Task instructions – Given the material below, return only the lines starting at the line with "cod. HH9395552G110 Islington" and ending at the line with "這套因為當天先選了背包,所以想打造全身海軍藍的Look,搭配", exactly as they appear.

Dataset records –
=== Section Start ===
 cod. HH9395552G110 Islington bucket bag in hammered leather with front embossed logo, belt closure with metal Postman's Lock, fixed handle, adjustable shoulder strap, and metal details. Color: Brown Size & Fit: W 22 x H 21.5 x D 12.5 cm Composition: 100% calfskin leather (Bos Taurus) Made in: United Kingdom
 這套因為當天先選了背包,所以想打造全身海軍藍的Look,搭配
=== Section End ===
=== Section Start ===
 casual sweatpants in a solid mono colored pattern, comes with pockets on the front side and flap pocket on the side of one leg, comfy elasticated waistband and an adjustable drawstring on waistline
=== Section End ===
Answer to this problem –
 cod. HH9395552G110 Islington bucket bag in hammered leather with front embossed logo, belt closure with metal Postman's Lock, fixed handle, adjustable shoulder strap, and metal details. Color: Brown Size & Fit: W 22 x H 21.5 x D 12.5 cm Composition: 100% calfskin leather (Bos Taurus) Made in: United Kingdom
 這套因為當天先選了背包,所以想打造全身海軍藍的Look,搭配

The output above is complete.